Ergun Kocak, Jan Ober, Necip Berme, W. Scott Melvin

Research output: Contribution to journalArticle

19 Citations (Scopus)

Abstract

Background: Laparoscopic skills vary with experience and training; however, objective measures to ascertain the level of training have not yet been established. New technology allows noninterfering measurement of eye motion parameters that correlate with attention and distraction during visually oriented tasks. Our objective was to apply this new technology in the setting of video-assisted surgery to evaluate eye motion parameters among surgeons of varying experience. Materials and Methods: Subjects with various levels of laparoscopic experience (novice, intermediate, and expert) were fitted with a noninvasive, Food and Drug Administration approved, eye motion monitoring device.
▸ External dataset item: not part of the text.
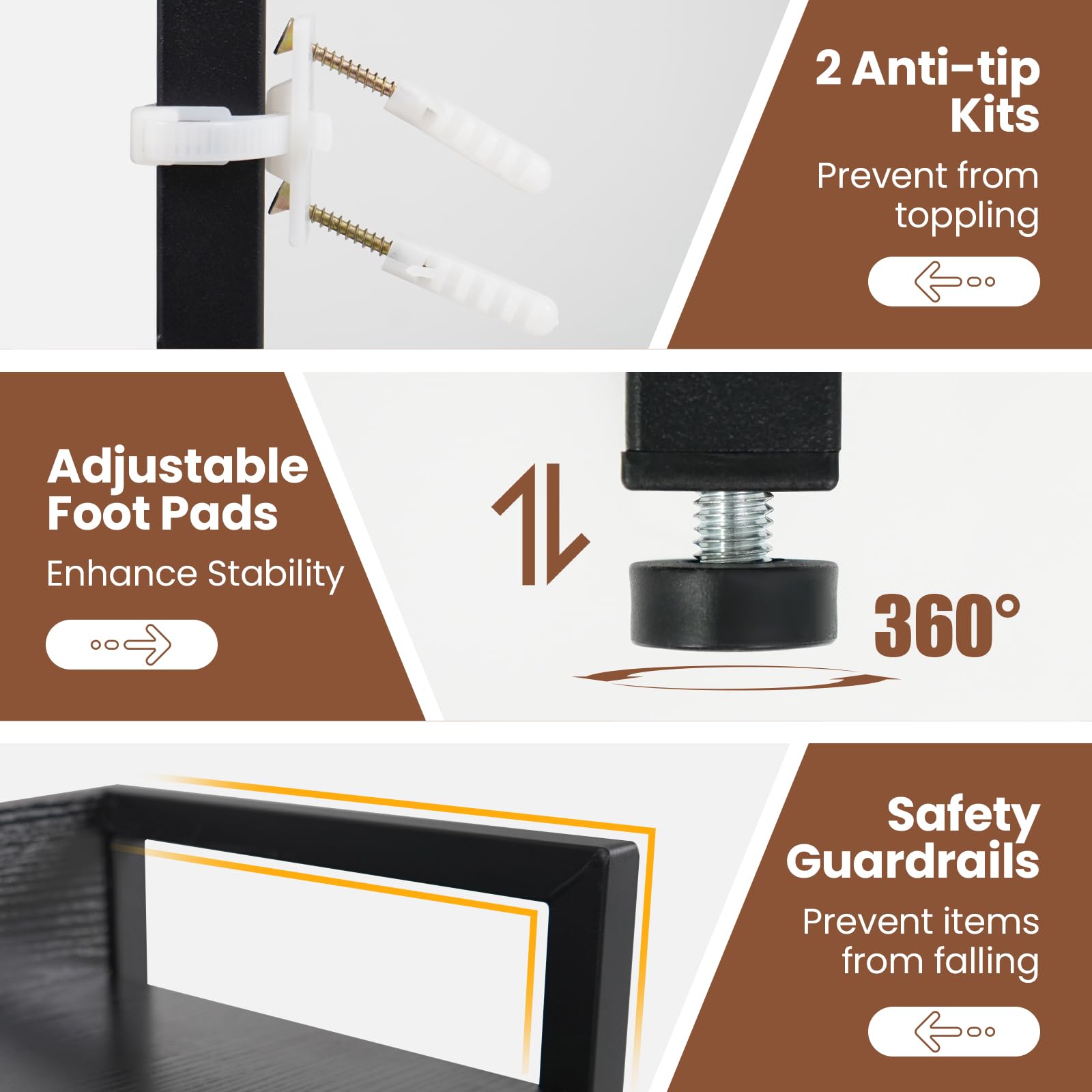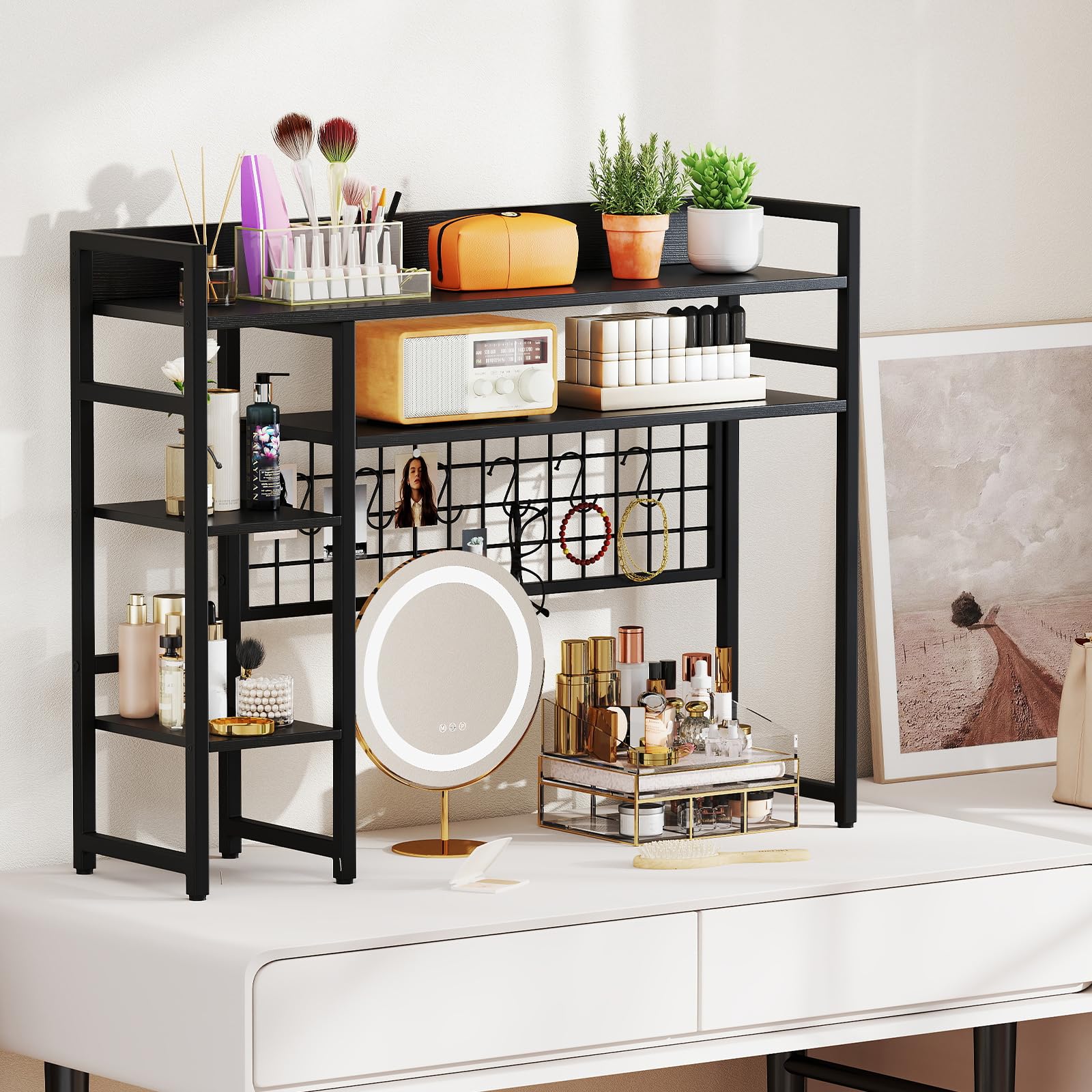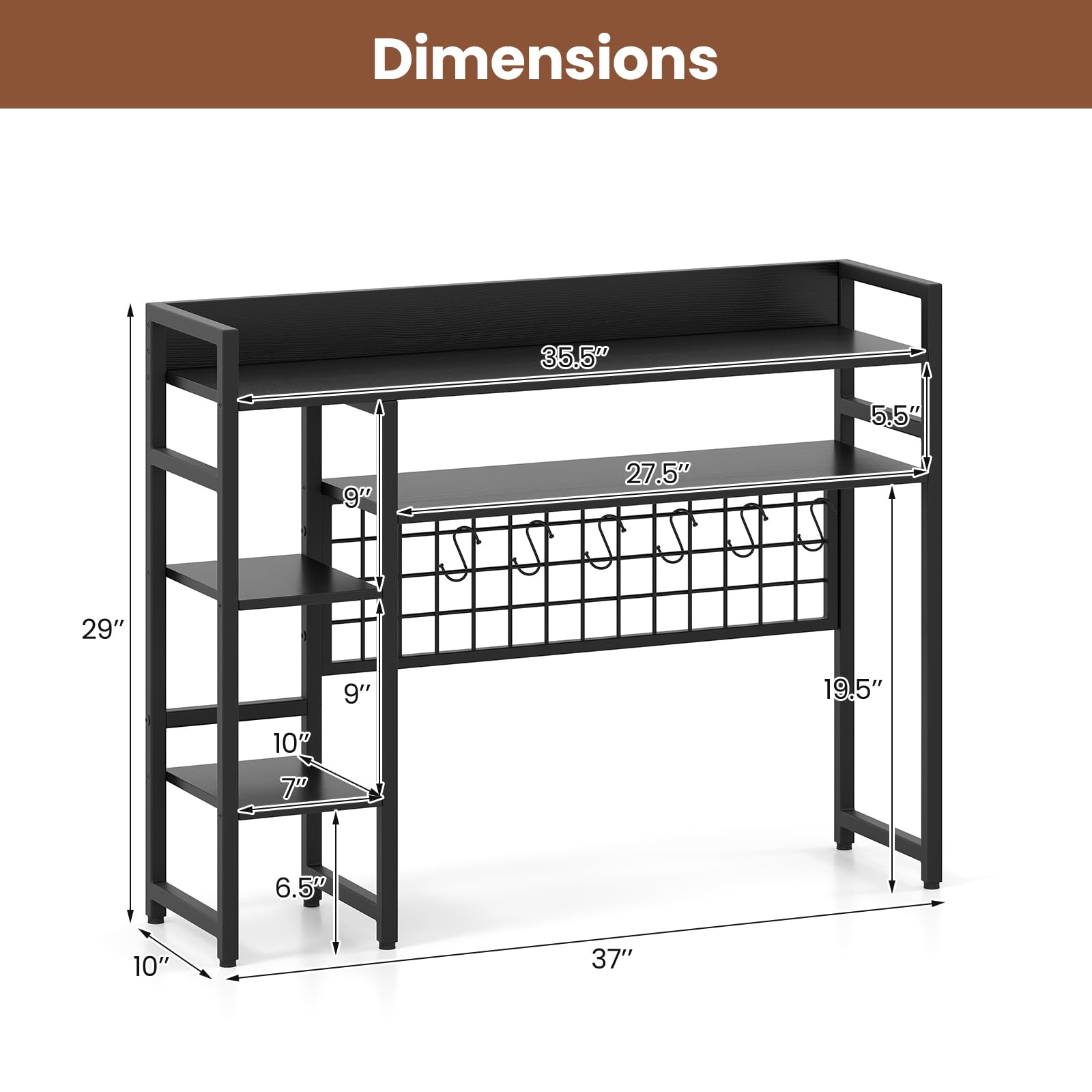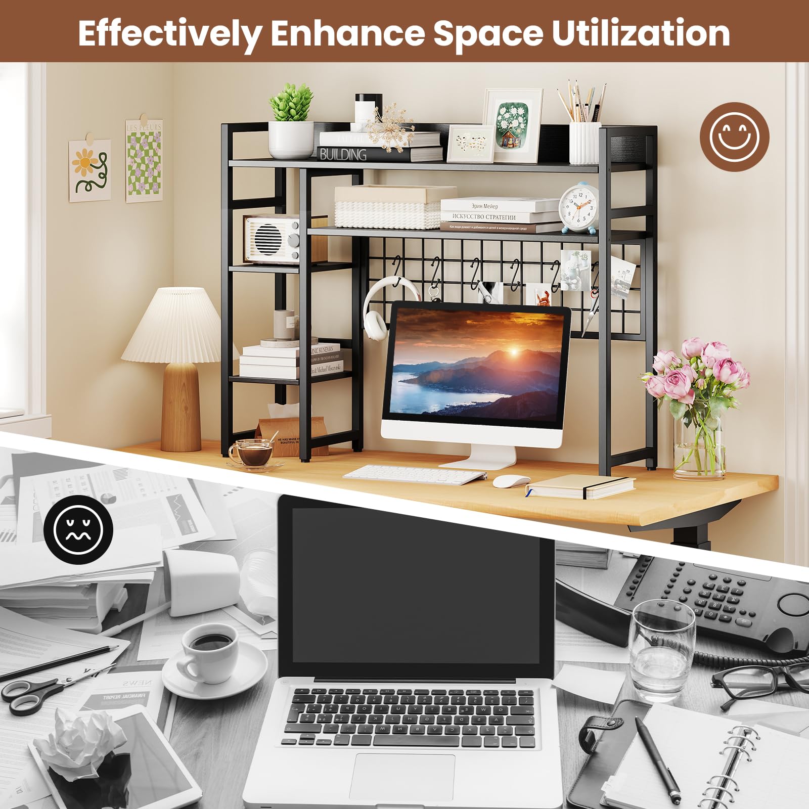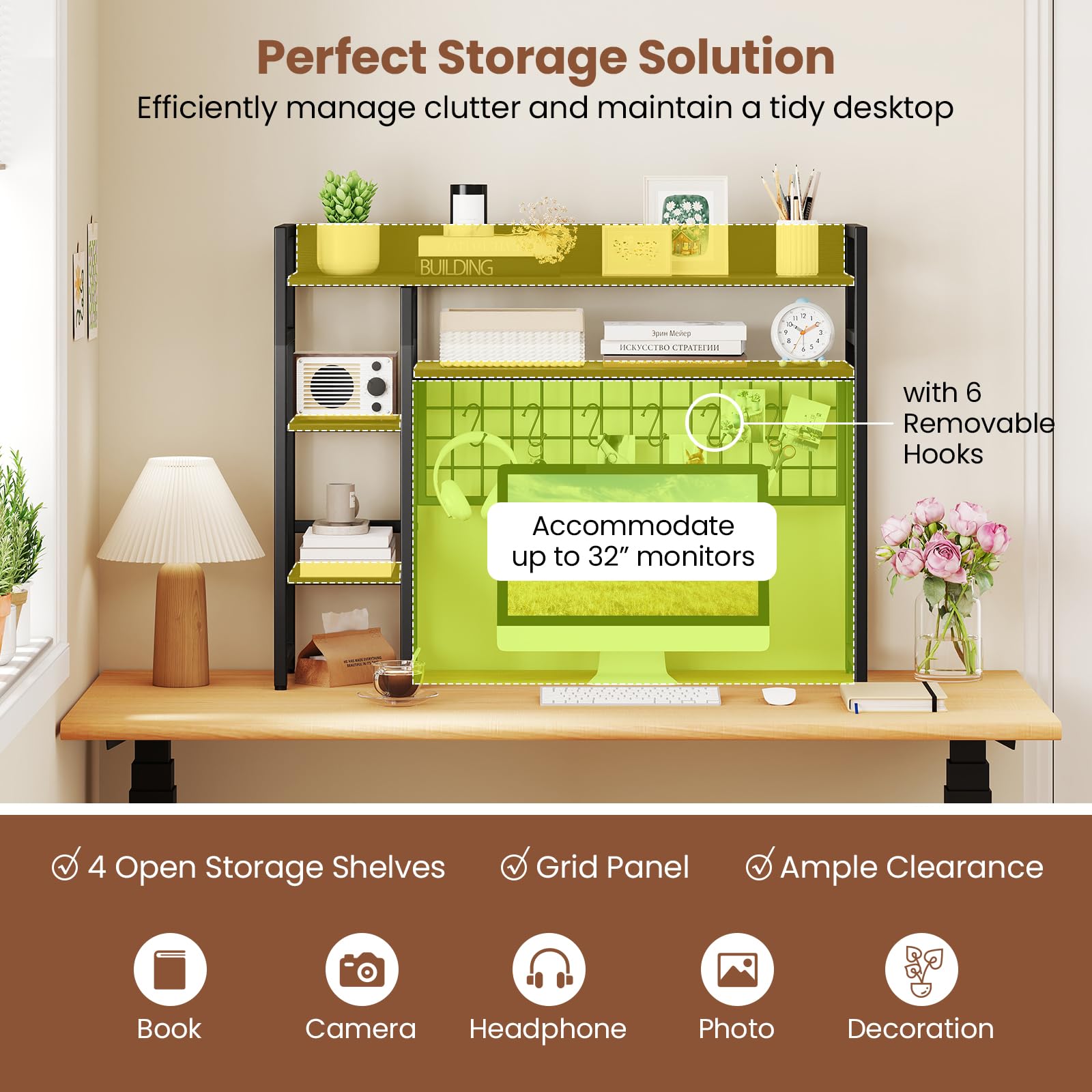 Featuring 4 open shelves and a grid panel with 6 removable hooks, this organizer is perfect for neatly storing books, decorations, or hanging personal items like headphones and keys, blending functionality with a personal touch. The compact design, measuring 37" x 10" x 19" (L x W x H), efficiently uses space while accommodating up to 32" monitors, ideal for those looking to enhance their visual workspace without sacrificing room. Built from thick boards with a heavy-duty metal frame and reinforced crossbars, it promises stability and durability. Sporting a classic vintage style, this hutch suits various settings, from studies to bedrooms and kitchens, adding a touch of elegance and practicality wherever placed. Elevate your home or office environment with our stylish and sturdy desk hutch today.

The device was used to measure and record parameters of eye motion, including saccadic rate (SR), standardized peak velocity (PV), standardized saccadic amplitude (SA), and the duration of gaze fixation (FD), during the performance of 3 basic laparoscopic tasks on a laparoscopic training station. Results: A total of 24 subjects (3 groups of 8 each) participated in this study. Experience level was found to have a main significant effect on SR (P = 0.047) and PV (P = 0.028). Two-way ANOVA demonstrated that experience level approached significance for SA (P = 0.058) and FD (P = 0.055). Conclusion: The advancement of laparoscopic techniques and instrumentation relies, in part, on expanding the current understanding of operator/instrument interactions. This places an increasing demand on objective methods of monitoring such interactions during laparoscopy. Our study demonstrates a significant difference in eye motion parameters in surgeons with differing levels of experience. Further testing is needed in actual clinical settings to determine the importance of eye motion during surgery.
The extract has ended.